This week our prompt for 52 ancestors in 52 weeks is “Oldest”. I’m going to tell you about Robert McCall, who I knew as Uncle Bobby. Uncle Bobby lived to the grand old age of 101 years old. I remember celebrating his 100th birthday at Rainycrest (what we called the old folks home) in Fort Frances, Ontario. My great-aunt Edna made him a strawberry shortcake because it was his favourite. Below is an article from the Fort Frances Times newspaper about his birthday. The article states he even received congratulations from the queen for reaching 100 years old. I have never been able to find a birth registration for him but the family celebrated his birthday on July 21 and said he was born in 1880. In the 1881 Census he is 1 year old.


McCall, Robert_100 Birthday Picture

Uncle Bobby is my dad’s grandmother’s (Margaret Miller nee McCall) brother so that makes him my great-great uncle. I remember visiting him at his home in LaVallee, Ontario when we were kids.

He was born in Huron, Bruce County, Ontario. Bobby had 4 siblings; Andrew, born about 1874, Elizabeth (Auntie Ganton), born about 1877, Billy born about 1881, and my great-grandmother, Maggie, born about 1882. The family moved to the Rainy River District about 1904.

While living in Eastern Ontario, he lost his left arm on a thrashing machine.The story goes he was engaged at the time but his fiancee wouldn’t marry him because she didn’t think he could support her. Bobby never did married.

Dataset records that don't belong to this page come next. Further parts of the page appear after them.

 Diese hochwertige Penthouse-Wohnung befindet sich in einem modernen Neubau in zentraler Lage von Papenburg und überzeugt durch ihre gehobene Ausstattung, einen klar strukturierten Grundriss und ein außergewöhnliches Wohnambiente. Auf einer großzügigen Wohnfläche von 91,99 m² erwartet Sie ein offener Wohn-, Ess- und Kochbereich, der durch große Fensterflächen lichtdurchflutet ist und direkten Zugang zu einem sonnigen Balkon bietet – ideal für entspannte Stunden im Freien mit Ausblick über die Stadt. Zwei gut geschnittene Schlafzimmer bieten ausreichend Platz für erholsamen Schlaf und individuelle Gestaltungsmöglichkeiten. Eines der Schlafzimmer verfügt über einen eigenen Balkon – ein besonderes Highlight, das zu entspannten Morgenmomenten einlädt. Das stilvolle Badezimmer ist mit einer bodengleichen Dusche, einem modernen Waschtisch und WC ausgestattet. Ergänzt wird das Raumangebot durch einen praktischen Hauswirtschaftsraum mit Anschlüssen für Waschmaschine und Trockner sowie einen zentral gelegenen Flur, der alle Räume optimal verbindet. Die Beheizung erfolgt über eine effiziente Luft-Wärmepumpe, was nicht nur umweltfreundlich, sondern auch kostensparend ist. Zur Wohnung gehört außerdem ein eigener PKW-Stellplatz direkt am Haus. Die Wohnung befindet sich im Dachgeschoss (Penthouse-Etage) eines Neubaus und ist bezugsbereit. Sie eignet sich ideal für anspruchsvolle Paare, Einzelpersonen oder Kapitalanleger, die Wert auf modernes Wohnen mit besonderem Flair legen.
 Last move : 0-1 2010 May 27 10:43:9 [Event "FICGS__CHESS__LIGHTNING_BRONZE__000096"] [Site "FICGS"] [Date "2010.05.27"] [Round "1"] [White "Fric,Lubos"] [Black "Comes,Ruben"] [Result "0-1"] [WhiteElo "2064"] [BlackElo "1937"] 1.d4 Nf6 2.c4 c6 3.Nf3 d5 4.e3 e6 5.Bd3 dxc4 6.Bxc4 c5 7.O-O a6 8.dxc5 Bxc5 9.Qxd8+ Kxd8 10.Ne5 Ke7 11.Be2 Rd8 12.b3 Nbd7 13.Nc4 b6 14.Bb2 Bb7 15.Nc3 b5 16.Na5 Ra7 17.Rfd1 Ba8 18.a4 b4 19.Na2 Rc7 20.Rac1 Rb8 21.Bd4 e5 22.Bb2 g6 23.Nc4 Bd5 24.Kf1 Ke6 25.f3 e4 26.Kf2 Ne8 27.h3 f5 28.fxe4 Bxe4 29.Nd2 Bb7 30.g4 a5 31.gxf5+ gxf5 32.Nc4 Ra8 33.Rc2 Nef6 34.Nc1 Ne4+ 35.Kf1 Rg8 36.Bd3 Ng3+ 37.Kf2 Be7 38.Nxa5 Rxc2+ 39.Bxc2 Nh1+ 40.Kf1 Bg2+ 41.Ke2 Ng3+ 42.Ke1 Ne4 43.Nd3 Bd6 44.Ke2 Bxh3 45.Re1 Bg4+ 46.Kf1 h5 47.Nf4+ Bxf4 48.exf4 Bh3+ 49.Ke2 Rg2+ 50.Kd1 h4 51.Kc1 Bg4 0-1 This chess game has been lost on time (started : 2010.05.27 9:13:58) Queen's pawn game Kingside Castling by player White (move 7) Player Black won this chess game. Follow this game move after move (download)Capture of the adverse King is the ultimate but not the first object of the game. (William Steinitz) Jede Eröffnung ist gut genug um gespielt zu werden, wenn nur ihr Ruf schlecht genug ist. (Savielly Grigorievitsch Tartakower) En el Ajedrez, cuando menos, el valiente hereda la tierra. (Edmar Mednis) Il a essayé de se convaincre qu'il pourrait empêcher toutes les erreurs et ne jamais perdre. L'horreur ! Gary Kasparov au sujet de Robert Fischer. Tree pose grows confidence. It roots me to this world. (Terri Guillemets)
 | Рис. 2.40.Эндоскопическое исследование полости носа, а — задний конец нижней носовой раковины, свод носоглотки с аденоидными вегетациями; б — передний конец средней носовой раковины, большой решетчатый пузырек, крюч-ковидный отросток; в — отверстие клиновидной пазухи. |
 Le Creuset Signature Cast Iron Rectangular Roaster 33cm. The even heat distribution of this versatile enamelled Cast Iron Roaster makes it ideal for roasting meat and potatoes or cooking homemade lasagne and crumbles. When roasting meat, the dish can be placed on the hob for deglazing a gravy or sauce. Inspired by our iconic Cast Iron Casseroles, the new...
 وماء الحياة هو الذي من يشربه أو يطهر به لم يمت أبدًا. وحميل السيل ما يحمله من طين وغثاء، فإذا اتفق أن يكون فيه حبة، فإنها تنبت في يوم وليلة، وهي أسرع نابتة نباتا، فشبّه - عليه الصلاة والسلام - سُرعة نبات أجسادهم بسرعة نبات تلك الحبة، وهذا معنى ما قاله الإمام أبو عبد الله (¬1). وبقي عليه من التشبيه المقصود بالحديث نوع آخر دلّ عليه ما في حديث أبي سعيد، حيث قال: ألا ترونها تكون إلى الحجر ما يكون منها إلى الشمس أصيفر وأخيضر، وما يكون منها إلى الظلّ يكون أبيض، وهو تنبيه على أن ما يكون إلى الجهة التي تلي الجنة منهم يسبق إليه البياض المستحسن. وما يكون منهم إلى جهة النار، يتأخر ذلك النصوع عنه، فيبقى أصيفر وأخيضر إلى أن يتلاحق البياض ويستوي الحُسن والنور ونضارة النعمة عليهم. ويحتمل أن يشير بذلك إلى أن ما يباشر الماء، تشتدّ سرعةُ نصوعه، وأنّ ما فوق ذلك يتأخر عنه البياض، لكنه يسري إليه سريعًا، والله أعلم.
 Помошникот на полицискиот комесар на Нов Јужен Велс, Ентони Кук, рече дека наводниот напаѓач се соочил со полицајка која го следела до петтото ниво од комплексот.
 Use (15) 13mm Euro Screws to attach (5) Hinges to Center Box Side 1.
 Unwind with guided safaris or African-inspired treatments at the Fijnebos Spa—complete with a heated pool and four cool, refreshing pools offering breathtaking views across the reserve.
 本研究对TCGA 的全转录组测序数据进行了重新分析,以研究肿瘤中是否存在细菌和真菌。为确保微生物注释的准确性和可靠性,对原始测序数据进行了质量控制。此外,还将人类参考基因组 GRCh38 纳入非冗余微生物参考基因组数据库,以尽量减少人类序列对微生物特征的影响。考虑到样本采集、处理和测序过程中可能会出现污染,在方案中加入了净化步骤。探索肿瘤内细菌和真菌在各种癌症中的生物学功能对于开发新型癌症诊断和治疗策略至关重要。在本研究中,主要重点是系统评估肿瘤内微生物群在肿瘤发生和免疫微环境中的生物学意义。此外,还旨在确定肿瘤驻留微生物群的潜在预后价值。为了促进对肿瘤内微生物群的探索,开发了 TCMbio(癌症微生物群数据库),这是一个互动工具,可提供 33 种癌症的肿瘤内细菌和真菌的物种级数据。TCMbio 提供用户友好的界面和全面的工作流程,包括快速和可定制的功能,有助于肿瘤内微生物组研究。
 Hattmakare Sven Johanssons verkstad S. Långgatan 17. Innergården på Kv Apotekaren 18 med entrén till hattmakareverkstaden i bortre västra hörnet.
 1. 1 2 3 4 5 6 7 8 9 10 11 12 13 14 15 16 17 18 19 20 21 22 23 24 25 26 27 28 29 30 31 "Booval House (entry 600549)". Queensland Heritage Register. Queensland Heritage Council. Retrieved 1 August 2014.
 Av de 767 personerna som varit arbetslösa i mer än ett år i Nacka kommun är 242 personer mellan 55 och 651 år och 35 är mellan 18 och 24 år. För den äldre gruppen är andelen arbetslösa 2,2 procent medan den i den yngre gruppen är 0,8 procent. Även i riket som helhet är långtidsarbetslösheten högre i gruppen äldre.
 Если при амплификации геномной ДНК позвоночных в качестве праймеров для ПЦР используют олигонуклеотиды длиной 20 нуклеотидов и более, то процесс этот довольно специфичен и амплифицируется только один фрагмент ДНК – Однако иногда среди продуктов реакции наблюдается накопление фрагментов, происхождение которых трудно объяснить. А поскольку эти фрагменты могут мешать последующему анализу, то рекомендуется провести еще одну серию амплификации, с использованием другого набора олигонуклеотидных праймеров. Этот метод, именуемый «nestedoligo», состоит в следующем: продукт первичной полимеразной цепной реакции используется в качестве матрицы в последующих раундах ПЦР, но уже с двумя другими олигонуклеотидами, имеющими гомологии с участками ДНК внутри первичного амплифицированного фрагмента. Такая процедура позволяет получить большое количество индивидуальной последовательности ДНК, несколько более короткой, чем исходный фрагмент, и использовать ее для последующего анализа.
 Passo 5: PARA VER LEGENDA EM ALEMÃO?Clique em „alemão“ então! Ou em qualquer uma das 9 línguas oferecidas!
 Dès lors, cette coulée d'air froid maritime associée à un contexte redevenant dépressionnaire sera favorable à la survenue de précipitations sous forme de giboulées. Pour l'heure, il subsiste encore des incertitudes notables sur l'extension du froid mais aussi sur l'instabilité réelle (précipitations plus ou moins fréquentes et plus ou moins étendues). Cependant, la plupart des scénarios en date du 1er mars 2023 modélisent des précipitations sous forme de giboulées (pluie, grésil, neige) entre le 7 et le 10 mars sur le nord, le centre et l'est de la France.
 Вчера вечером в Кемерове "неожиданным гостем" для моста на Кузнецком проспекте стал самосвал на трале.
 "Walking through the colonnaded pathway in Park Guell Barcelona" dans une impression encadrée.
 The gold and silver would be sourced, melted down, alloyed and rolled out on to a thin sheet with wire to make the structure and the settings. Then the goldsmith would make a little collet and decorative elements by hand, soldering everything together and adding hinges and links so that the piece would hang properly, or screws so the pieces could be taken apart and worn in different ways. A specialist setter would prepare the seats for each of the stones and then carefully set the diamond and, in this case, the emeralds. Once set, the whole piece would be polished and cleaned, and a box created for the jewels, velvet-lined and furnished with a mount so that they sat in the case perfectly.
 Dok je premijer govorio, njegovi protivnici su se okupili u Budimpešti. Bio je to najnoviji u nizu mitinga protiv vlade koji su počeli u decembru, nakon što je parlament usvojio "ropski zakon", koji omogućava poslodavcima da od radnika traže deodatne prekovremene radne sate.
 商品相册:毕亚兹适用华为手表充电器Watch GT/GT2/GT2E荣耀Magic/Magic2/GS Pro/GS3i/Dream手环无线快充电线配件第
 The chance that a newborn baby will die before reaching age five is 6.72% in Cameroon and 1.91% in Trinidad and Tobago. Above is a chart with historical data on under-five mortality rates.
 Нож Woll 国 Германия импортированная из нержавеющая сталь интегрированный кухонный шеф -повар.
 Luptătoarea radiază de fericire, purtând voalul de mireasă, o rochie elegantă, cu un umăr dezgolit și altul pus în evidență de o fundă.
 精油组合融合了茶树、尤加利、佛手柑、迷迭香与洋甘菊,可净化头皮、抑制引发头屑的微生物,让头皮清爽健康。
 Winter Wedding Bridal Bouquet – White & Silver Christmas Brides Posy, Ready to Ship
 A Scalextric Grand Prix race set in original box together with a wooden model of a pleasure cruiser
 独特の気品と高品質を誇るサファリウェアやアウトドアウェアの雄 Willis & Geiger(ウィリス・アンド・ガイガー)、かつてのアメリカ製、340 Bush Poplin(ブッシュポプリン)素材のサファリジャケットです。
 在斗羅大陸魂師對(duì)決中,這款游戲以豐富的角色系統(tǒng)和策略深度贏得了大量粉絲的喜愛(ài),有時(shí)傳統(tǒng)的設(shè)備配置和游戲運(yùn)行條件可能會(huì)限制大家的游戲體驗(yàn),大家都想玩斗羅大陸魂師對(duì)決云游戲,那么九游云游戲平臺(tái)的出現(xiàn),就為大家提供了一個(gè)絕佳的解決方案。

The family stories tells us that he was very creative in managing with one arm. It’s written,

“It’s amazing what Bobby could do with only one arm. He was able to use a shovel and a ptichfork as well as someone with two arms. In order to use a scythe, he designed a harness which made it possible for him to cut hay and grain .In the winter he cut and sold firewood…Tamarack had to be cut…while green; otherwise, it became so hard that it dulled the saw blades. He mounted a stationary engine on a horse drawn wagon to run a circular saw. This system allowed Bobby to save labour and increase productivity.”

His resourcefulness made it possible for him to provide for himself.

Uncle Bobby died on April 26, 1981 in Fort Frances, Ontario and is buried in the Devlin/LaVallee Cemetery.

1881; Census Place: Huron, Bruce South, Ontario; Roll: C_13274; Page: 35; Family No: 154; and The Church of Jesus Christ of Latter-day Saints. 1881 Census of Canada [database on-line]. Provo, UT, USA; Citing
“Census of Canada, 1881.” Statistics Canada Fonds, Record Group 31-C-1. LAC microfilm C-13162 to C-13286. Library and Archives Canada, Ottawa.

Tara Shymanski Collection; undated clipping from the Fort Frances Times (probably July 1880.

Tara Shymanski Collection; “The Millers of LaVallee”; undated stories, unknown author.